# New boat



## bchadcherry (Mar 11, 2009)

So I am fixing to buy a new boat. I have been trying to decide whether to by fiberglass or aluminum. 

I think I have decided to go with an aluminum boat. Specially the Xpress H20B. 

I travel up river in the shallows quite a bit. I know a 20' boat is rough for this but I want a better ride for the wife when we head out the pass. But primarily wil be fishing the intercostal. 

Just looking for some experienced thoughts. Dropping 26 to 30 k, I want to get it right the first time!


----------



## Realtor (Oct 1, 2007)

I don't know a whole lot about aluminum boats, but I would guess they would get hot enough to cook an egg on in the summer sun?


----------



## bchadcherry (Mar 11, 2009)

Floor is insulated and has a spray liner that is tanish in color. The floor does get a little warm, however isn't smoking hot like I have experienced in other aluminum boats.


----------



## Emerald Ghost (Mar 11, 2008)

Hit up Splittine.
He did all the research before he bought his, and check with "Nightshift" also. He has a nice aluminum set up.


----------



## bchadcherry (Mar 11, 2009)

I will call chase but I know think he bought an xpress also.


----------



## acoustifunk (Mar 29, 2008)

I wouldn't trust the rivets or the welds on an aluminum boat if I were to go out in the pass. It might hold up for a little while but a constant pounding is brutal. If I was strictly river fishing I would own an aluminum boat in a heart beat. Bays and gulf is fiberglass for me!


----------



## panhandleslim (Jan 11, 2013)

There is NO doubt that the aluminum boat will hold up in the open ocean. Crew boats are aluminum and they get pounded as much as anything. Most of the charter boats in Alaska are aluminum and have been forever. They see conditions that make ours look like a day in the park. Friend of mine has one and he loves it. The old Cat dealer here used to have a Halter Marine aluminum sportfishing boat named the Catcando (not sure about the spelling). I think it was a 47 or 48 and it ran like a scalded dog. 

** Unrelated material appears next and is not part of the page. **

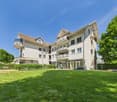 • multi story building, balconies, modern design, large windows, landscaped garden
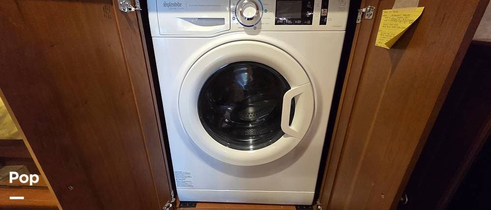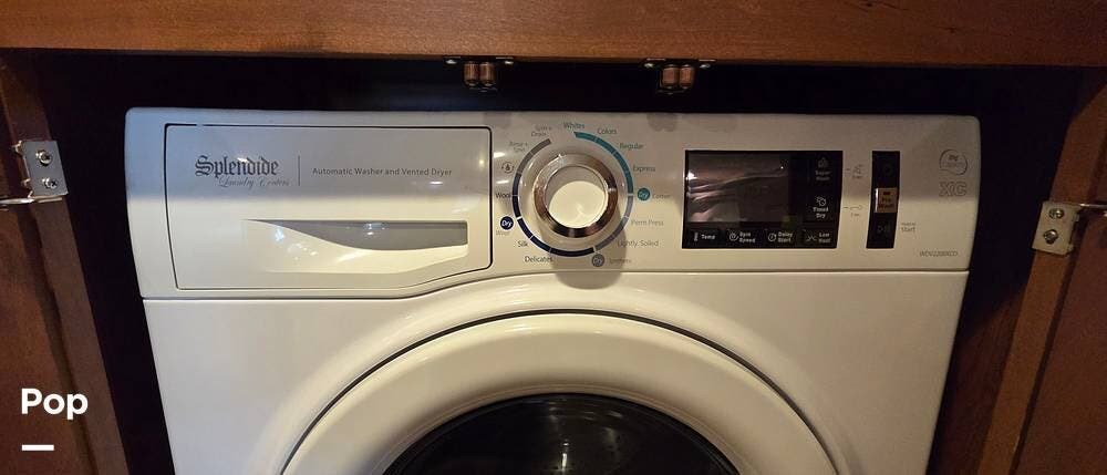 The bedroom features a queen-sized mattress with under-bed storage that holds the two additional folding chairs for the dinette. It also features plenty of storage, another TV, and a big closet with a combination washer and dryer.

Here is the thing though. If you troll the vibration (sound) could be a problem. It is generally acknowledged that wood boats raise fish better than fiberglass and fiberglass better than aluminum. Fiberglass and composite boats have closed the gap with wood but aluminum still remains dead last in the fish raising category.


----------



## delta dooler (Mar 6, 2008)

acoustifunk said:


> I wouldn't trust the rivets or the welds on an aluminum boat if I were to go out in the pass. It might hold up for a little while but a constant pounding is brutal. If I was strictly river fishing I would own an aluminum boat in a heart beat. Bays and gulf is fiberglass for me!


Express boats are all welded, no rivets.



http://www.pensacolafishingforum.com/f50/seaark-1872-cc-2007-total-refit-rebuild-2013-a-293257/

This rig is better than new IMO! Id save that $10000 and still have a better than new rig. Its not 20' but close. Them Sea Ark's are bad azz ! And the motor is under warranty till 2018 !



Express makes a fine rig, but Ive found them to be a little "tippy" in the smaller versions due to the slight v hull they have, with a 20'er it may not be an issue.


----------



## Linkovich (Oct 24, 2007)

A buddy of mine had an 18' express cc that we fished for years. We fished from up river all the way to 8-9 miles offshore. Several times we had it had out/got caught out in stuff we really shouldn't have been in and that boat held up great. I wouldn't hesitate to take an express out near the pass, they're very well made boats.


----------



## acoustifunk (Mar 29, 2008)

By all means get the boat that satisfies you. I personally don't trust small craft aluminum boats in open water. Just my $.02


----------



## Scruggspc (Mar 20, 2013)

I have a Lowe 1648 that's riveted and have been pounded in west bay (st. Andrews bay) hard for miles over the last 6 years. I wouldn't even hesitate going in the gulf on a 20ft welded.


----------